Start of Records for this exercise

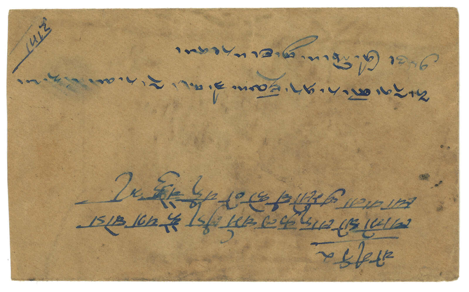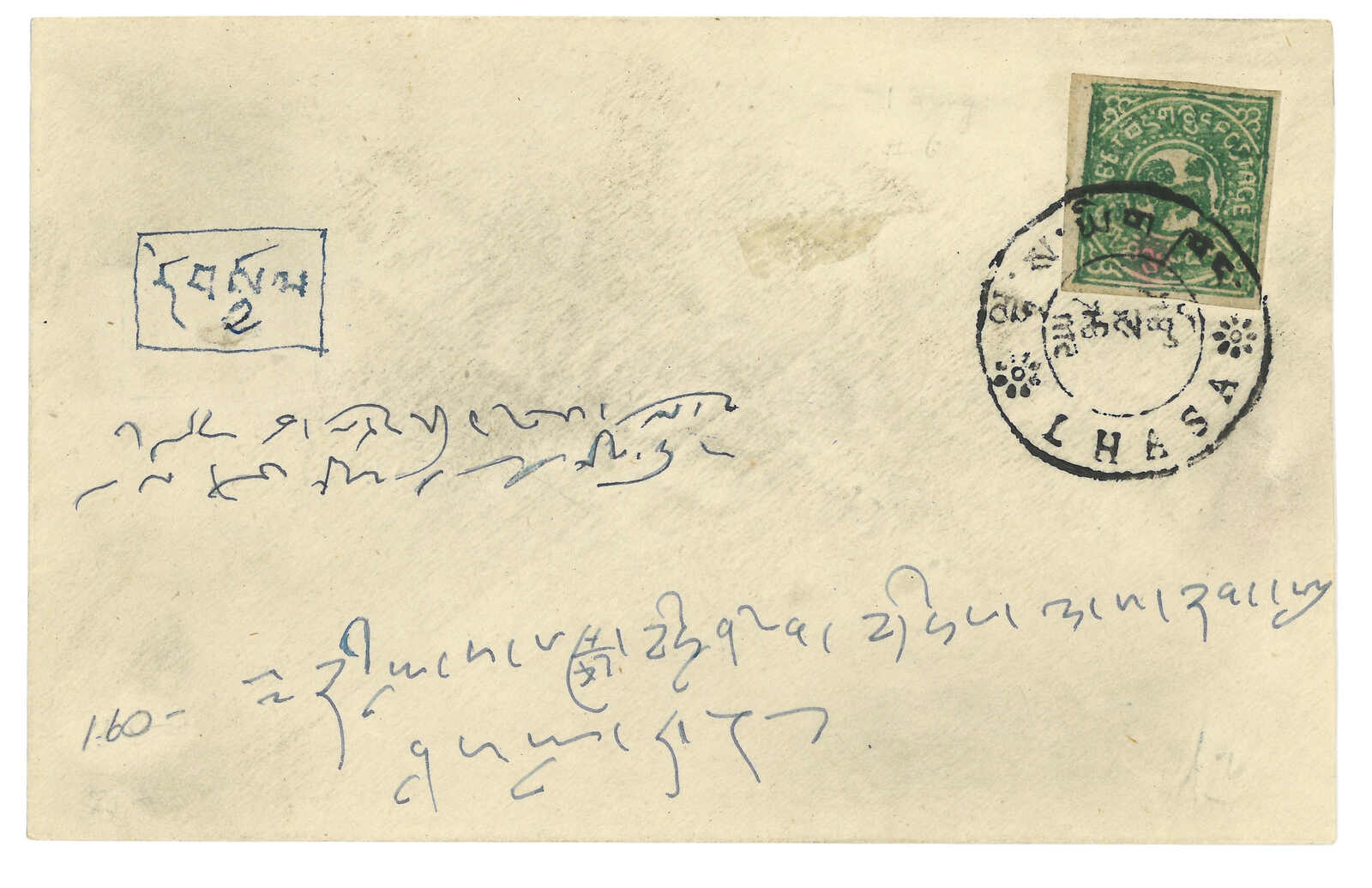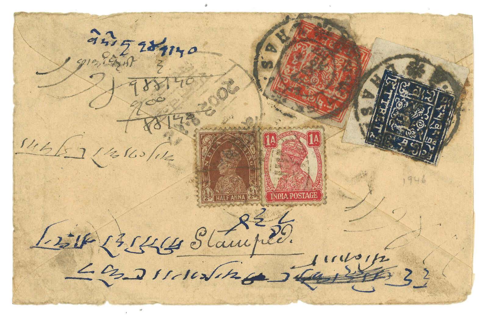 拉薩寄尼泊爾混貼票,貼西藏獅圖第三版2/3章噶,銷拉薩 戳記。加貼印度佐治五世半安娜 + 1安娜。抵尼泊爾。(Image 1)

End of Records for this exercise
Start of Records for this exercise

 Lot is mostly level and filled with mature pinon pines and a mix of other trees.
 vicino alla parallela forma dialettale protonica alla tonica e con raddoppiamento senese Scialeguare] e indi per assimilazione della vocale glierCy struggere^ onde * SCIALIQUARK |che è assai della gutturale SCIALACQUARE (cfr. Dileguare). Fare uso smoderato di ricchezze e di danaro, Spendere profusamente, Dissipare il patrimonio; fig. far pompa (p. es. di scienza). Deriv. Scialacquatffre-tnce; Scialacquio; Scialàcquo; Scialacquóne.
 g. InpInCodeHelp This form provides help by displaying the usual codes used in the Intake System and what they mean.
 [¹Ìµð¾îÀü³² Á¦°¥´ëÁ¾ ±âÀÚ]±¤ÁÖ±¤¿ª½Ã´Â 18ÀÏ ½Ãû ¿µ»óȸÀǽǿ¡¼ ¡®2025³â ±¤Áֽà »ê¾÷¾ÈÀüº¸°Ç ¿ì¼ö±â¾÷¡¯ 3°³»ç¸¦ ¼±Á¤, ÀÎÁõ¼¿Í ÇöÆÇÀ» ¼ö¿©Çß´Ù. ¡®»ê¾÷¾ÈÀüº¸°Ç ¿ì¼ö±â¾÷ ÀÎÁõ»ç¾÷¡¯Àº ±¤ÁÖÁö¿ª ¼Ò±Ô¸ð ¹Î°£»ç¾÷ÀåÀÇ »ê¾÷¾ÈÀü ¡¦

End of Records for this exercise
Start of Records for this exercise

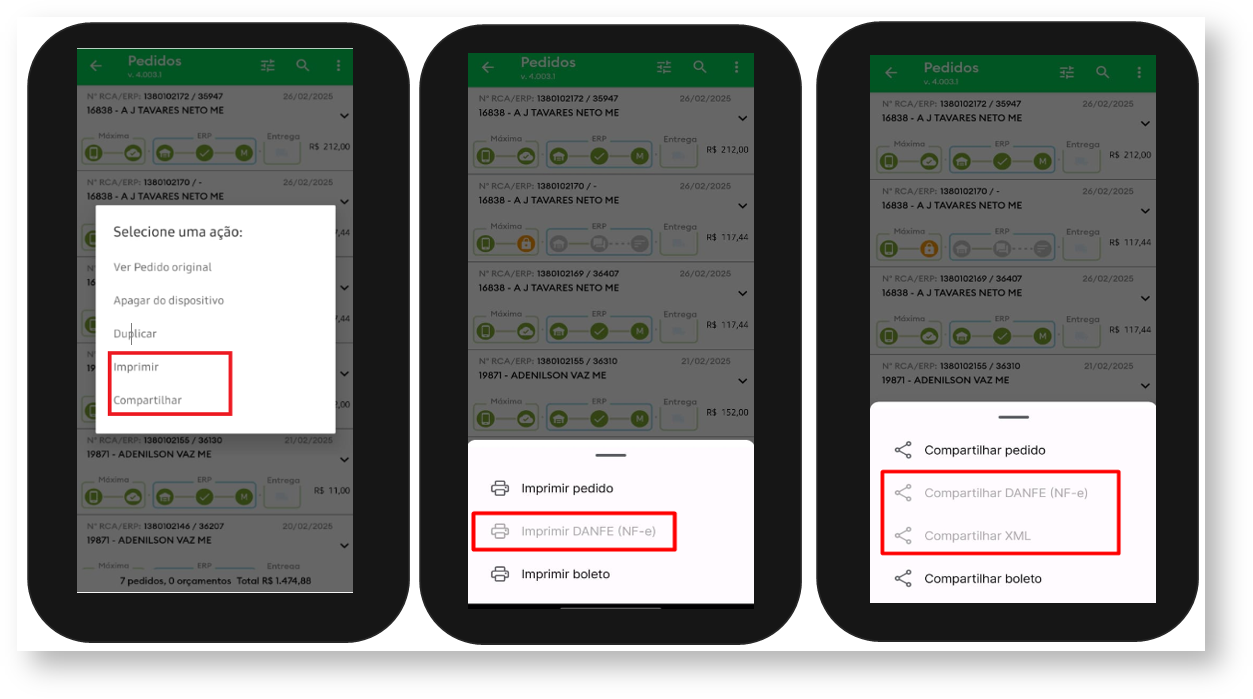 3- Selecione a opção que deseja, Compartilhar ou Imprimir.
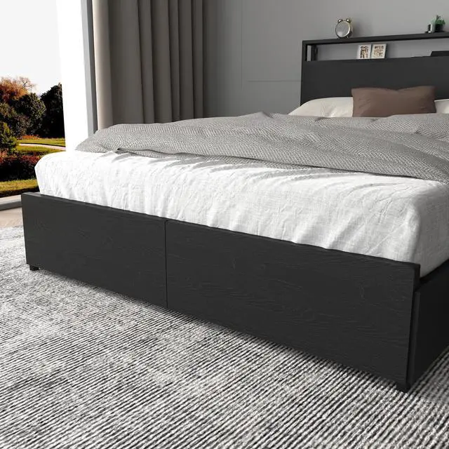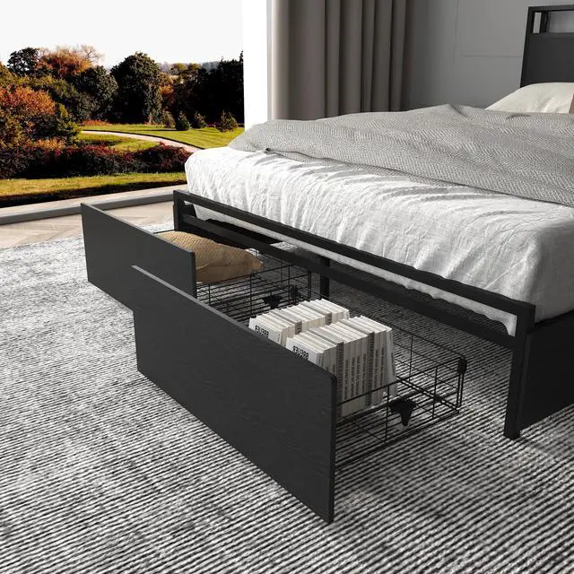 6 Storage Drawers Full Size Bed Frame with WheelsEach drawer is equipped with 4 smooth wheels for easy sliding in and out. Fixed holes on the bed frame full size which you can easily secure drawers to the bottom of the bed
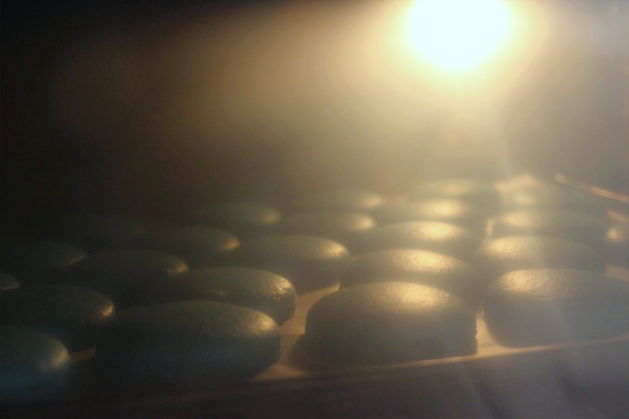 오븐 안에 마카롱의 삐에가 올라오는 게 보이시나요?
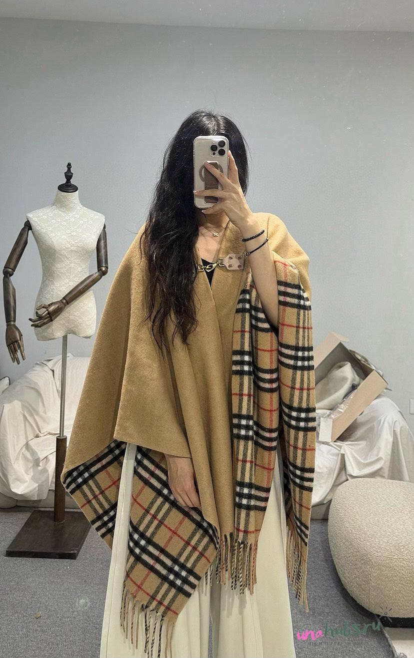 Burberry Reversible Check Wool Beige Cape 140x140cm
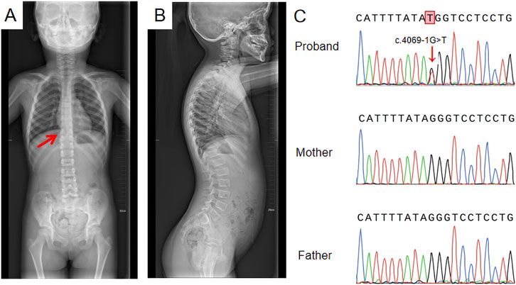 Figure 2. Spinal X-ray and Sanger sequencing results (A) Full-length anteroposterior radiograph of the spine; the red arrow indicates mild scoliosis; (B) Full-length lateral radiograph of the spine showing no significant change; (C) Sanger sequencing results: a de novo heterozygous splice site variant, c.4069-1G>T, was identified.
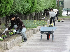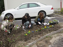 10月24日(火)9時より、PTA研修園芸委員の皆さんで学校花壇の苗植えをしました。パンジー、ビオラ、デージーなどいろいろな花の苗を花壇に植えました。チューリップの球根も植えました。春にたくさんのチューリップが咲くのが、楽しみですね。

End of Records for this exercise

Only the lines starting at the one that includes "Burberry Reversible Check" and ending at the one that includes "10月24日(火)9時より、" should be retyped, exactly, from the records above; no pictures.

Solution below ::
 Burberry Reversible Check Wool Beige Cape 140x140cm
 Figure 2. Spinal X-ray and Sanger sequencing results (A) Full-length anteroposterior radiograph of the spine; the red arrow indicates mild scoliosis; (B) Full-length lateral radiograph of the spine showing no significant change; (C) Sanger sequencing results: a de novo heterozygous splice site variant, c.4069-1G>T, was identified.
 10月24日(火)9時より、PTA研修園芸委員の皆さんで学校花壇の苗植えをしました。パンジー、ビオラ、デージーなどいろいろな花の苗を花壇に植えました。チューリップの球根も植えました。春にたくさんのチューリップが咲くのが、楽しみですね。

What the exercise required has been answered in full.